What is the relationship between livestock inheritance and son’s current wealth? Hypothesis1: Sons who receive more livestock inheritance will have more livestock wealth. Results show that this hypothesis did not find support in the Kenya data. What is the relationship between father’s livestock wealth and son’s current livestock wealth? Hypothesis2: Fathers in pastoral communities who have more livestock will have sons with more livestock. Results show that the Kenya data support this hypothesis. What is the relationship between education and current household wealth? Hypothesis3: Pastoralists who have more education will have more livestock than those who have less education. Results show that the Kenya data support this hypothesis. What is the relationship between current household income and the level of education for head of household? Hypothesis4: Pastoralists with more education will earn more income than those with less education. Results show that the Kenya data does not support the hypothesis.
Methods
This study used data from a random sample of 200 households in Samburu district, Kenya. The sampling frame is a list of households that were registered in the process of adjudicating group land titles in the 1970s (updated in the 1990s – the sample was selected from the updated lists). One hundred households reside in Mbaringon where communal land tenure (in the form of a group ranch with title granted to all resident households) remains in force. The other 100 households are in Siambu (about 40 km away from Mbaringon) where land was privatized among 240 resident households in the late 1980s. Each household received a virtually equally sized parcel of land of about 23 acres in size. The two communities are culturally very similar, but differ in terms of their property rights to land which has implications for livelihood strategies (for example, more participation in cultivation on private land) and social relations (Lesorogol, 2008a, 2008b). In terms of household economic indicators such as income and wealth, there were no statistically significant differences found in mean values between the two communities in the current survey conducted in 2010 (see Table 1, last column). Both communities exhibit considerable levels of wealth inequality.
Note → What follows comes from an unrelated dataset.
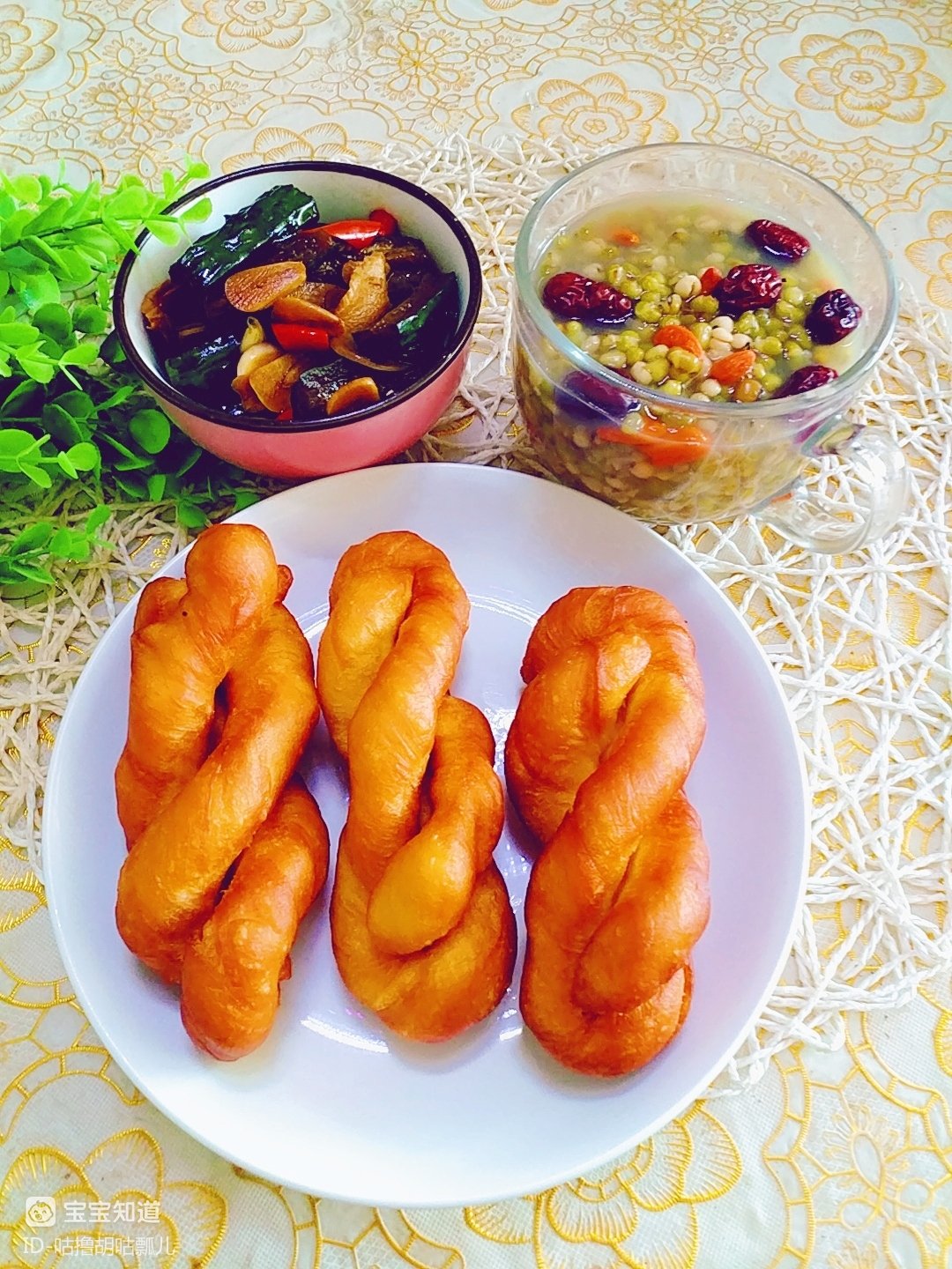 小麻花是昨天做的,虽然是凉的,不过比热的时候还要好吃一些,外酥里软的口感,一点都不会因为凉而变得硬邦邦,用来搭配绿豆粥,再吃一点小咸菜就是很美味的一顿早餐,虽然简单,不过都是我比较喜欢射岩的。

The wealthiest quintile (top 20 percent in terms of per capita livestock wealth) in both Siambu and Mbaringon own more than 50 percent of the livestock wealth, while the poorest quintile in each place own less than 5 percent.
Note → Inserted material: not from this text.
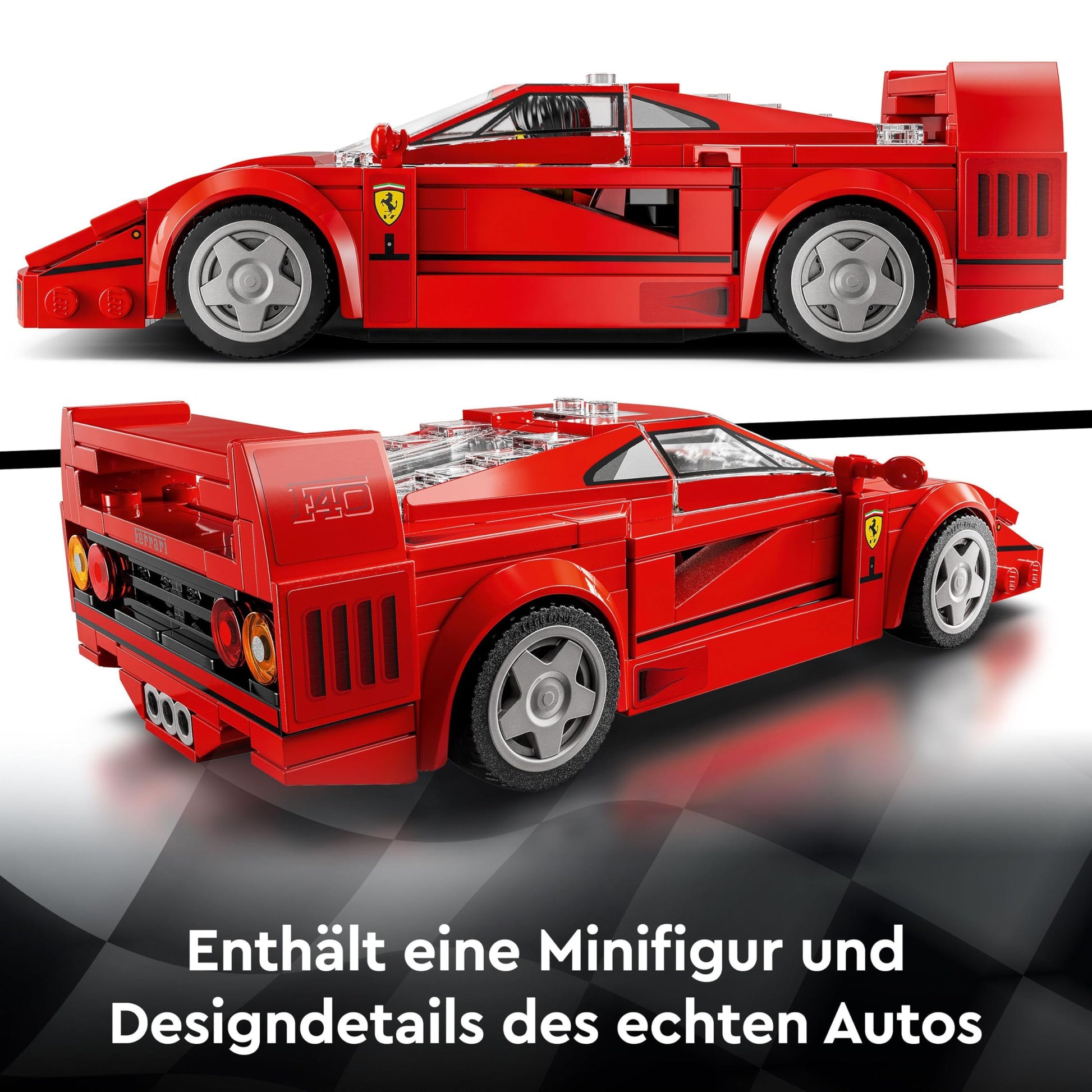 ["Ferrari toy car for kids: The LEGO Speed Champions Ferrari F40 Supercar is a building and playset for boys and girls aged 9 and up, Ferrari fans, and nostalgic car enthusiasts","Includes 1 minifigure: The set includes a Ferrari racing driver minifigure with helmet, hairpiece, and wrench that kids can put behind the wheel and send off on exciting races","Legendary Ferrari details: The LEGO toy car not only features the rear spoiler, the snout, the exhaust pipes, the rims, and the air intakes of the real F40, but also its interior with gearbox and red seats","Premium display model: After kids and Ferrari fans have sent the Ferrari F40 toy race car off on exciting races, they can display the attractive car model on the bedside table or on the shelf","Toy Ferrari for gifting: Car sets provide a fascinating building and playing experience and are a great LEGO gift idea for kids ages 9 and up as well as for adults who collect model cars","For even more exciting races: Be sure to check out the other separately available LEGO Speed Champions sets with many realistic details for even more fun and building options","Legendary toy cars for playing and displaying: LEGO Speed Champions building toys allow children and car enthusiasts to create replicas of some of the world's most famous cars"]

In order to investigate intergenerational transmission of wealth, we added questions to the survey that has been conducted with this sample in 2000 and 2005. The survey includes information on demographic characteristics (age, gender, marital status), wealth (livestock by type and number), land ownership (in Siambu only), cash income (from 25 different sources including wage labor, trade, livestock and crop sales, land sales and rentals [Siambu only], remittances, and gifts), educational attainment, employment status, expenditures (weekly and annual), crop production, milk production, and 24-hour food intake. The husband and/or wife were interviewed for each survey household, although given the focus on inheritance in this survey, the majority of respondents were men. 1
Since most wealth is transmitted from father to son, we asked men about their inheritance. Transfers of livestock do not occur at one point in time among Samburu. Rather, fathers give gifts of livestock to their sons at many points, especially during significant social transitions such as birth, initiation into warriorhood, and at marriage. Most transfers are inter-vivos, occurring while the father is alive, although a man’s remaining livestock generally go to his oldest son upon his death. 2
In order to best capture information on livestock inheritance, we asked male respondents about the size of their herd when they married (the total herd size minus bridewealth paid to the wife’s family). This is a point at which most men are at a high point in terms of inheritance, since they require livestock to pay bridewealth to the wife’s family as well as set up an independent household. Since this is a significant event in a person’s life, men are likely to have good recall of their situation at that time. We also asked respondents (both spouses) about their fathers’ livestock holdings and household size when they (the respondents) married.
Measures
Demographic characteristics include age, household size, and years of education of the household head. In order to control for differences in household size and composition, household size was converted to Adult Equivalents (AE) calculated based on the following ratio: each adult male = 1; adult female = 0.86; children 0–5 years = 0.52, 6–10 years = 0.85, 11–15 years = 0.96 (Grandin, 1981; Weisell & Dop, 2012). 3
Son’s livestock wealth refers to a son’s current livestock holdings. This variable is measured in Tropical Livestock Units (TLU), an aggregate of the livestock owned by a household multiplied by the relative exchange value of each type of livestock according to current market rates of exchange. Cattle, sheep, and goats were included in the measure with the following values: cow= 1; sheep or goat = 0.12.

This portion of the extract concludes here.